As shown in Table 1, when the indentation load is near 95% of the limit load, the AE and EME signals show jumping characteristics, reaching its maximum value. It means that the AE and the EME signal have a threshold. Since the thresholds of the AE and EME are reached before the rock broke, it is possible to use those thresholds to predict the rock damage instability.

4.2. Failure Characteristics of This Granite

The failure characteristics of this granite in the process of cutter invasion are given in Figure 4. Figure 4(a) shows this granite failure at different loading rates. When the cutter intrudes into the granite specimen, there is no obvious crack on the surface of the specimen. However, when the load reaches 95% of the limit load, the instantaneous failure of the specimen occurs suddenly and the expansion is rapid and violent. It can be found that the failure of the rock specimen is moving along one or a few main cracks, showing brittle fracture.

Figure 4: Failure characteristics of the granite at different loading rates.

Compared with the failure mode of granite specimen under different loading rates, it can be found that the granite failure at different loading rates is similar to the one-word failure. The larger the loading rate is, the more severe the crack is, and the “crackling” sound can be heard simultaneously. Comparing the results in Figures 2 and 3 with the failure characteristics in Figure 4, one can find that the peak value and the energy rate of the AE, and the peak intensity and the number of pulses of the EME are related to the size of the crack.

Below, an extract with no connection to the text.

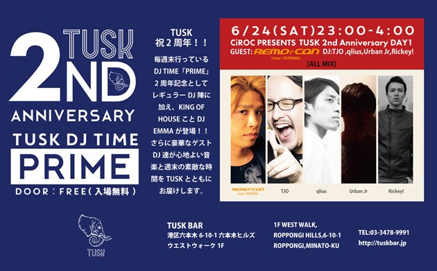 最先端のサウンドシステムとエレガントな空間を携えた六本木TUSKが2周年を記念して2日間のアニバーサリーパーティを開催!ゲストにはEMMA、REMO-CON登場!

Figure 4(b) shows this granite fragmentation at different loading rates. When the sample is loaded with the rate of 0.001 mm/s, large particle fragmentation is the main fragmentation. In contrast, when the sample is loaded with the rate of 0.1 mm/s, small particle fragmentation is the main fragmentation. The loading rate has a great influence on rock failure pattern, as well as the rock fragmentation.

5. Conclusions

This paper proposed the relationship among the generation of AE, EME, and the fracture stress of rock grain during rock broken process. Based on the relationships, the influence of loading rate on the characteristics of AE and EME of rock fragmentation is discussed. Theoretically, the AE and EME signals are enhanced with the increase of loading rate.

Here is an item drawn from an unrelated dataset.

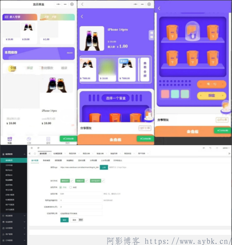 前端魔力赏盲盒小程序 UI原生盲盒微信小程序源码下载,前端是小程序原生源码。 很不错的一款盲盒小程序。 完全没有毛病,非常适合研究学习。 搭建教程:后端放入WQ框架 模块文件内,安装即可
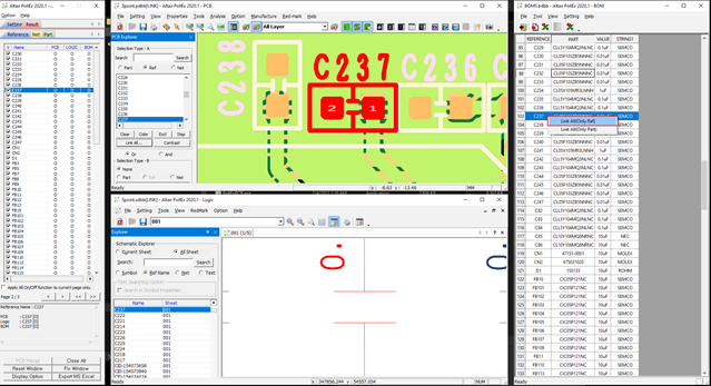 The selected part displays on PCB, Logic, and BOM.Figure 15.

Experimental results with three rates show that the loading rate has a significant effect on the AE and EME signals. The greater the loading rate is, the greater the intensity of the AE and EME signals produced is. The peak value and the energy rate of the AE and the peak intensity and the number of pulses of the EME increasing gradually with the loading rate show good agreement with theoretical analysis. Therefore, it is possible to use AE and EME technology to monitor the rock breaking process.

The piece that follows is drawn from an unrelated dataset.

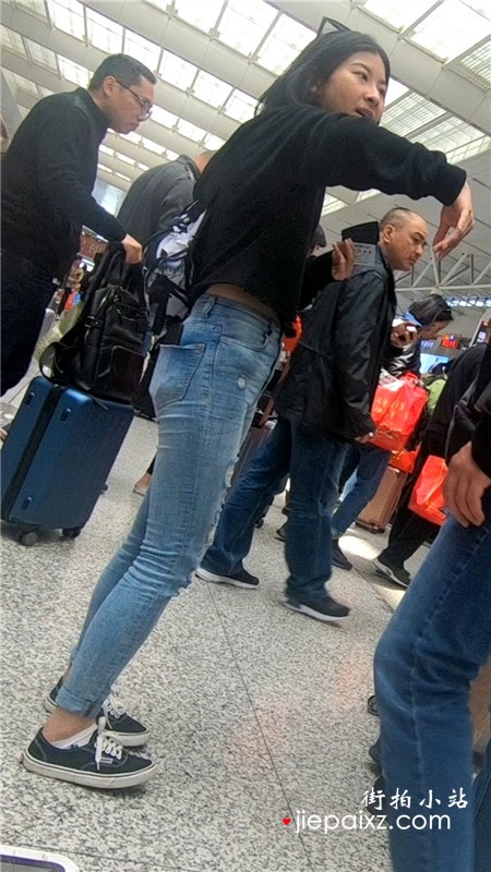 超级紧身蓝色牛仔裤美眉候车室等车

Experimental results show that the AE and the EME signal have a threshold. Since the thresholds of the AE and EME are reached before the rock broke, it is possible to use those thresholds to predict the rock damage instability.

Conflicts of Interest

The authors declare that they have no conflicts of interest.

Acknowledgments

The support provided by the National Natural Science Foundation of China (Grants nos. 51474103 and 51674116) is gratefully acknowledged.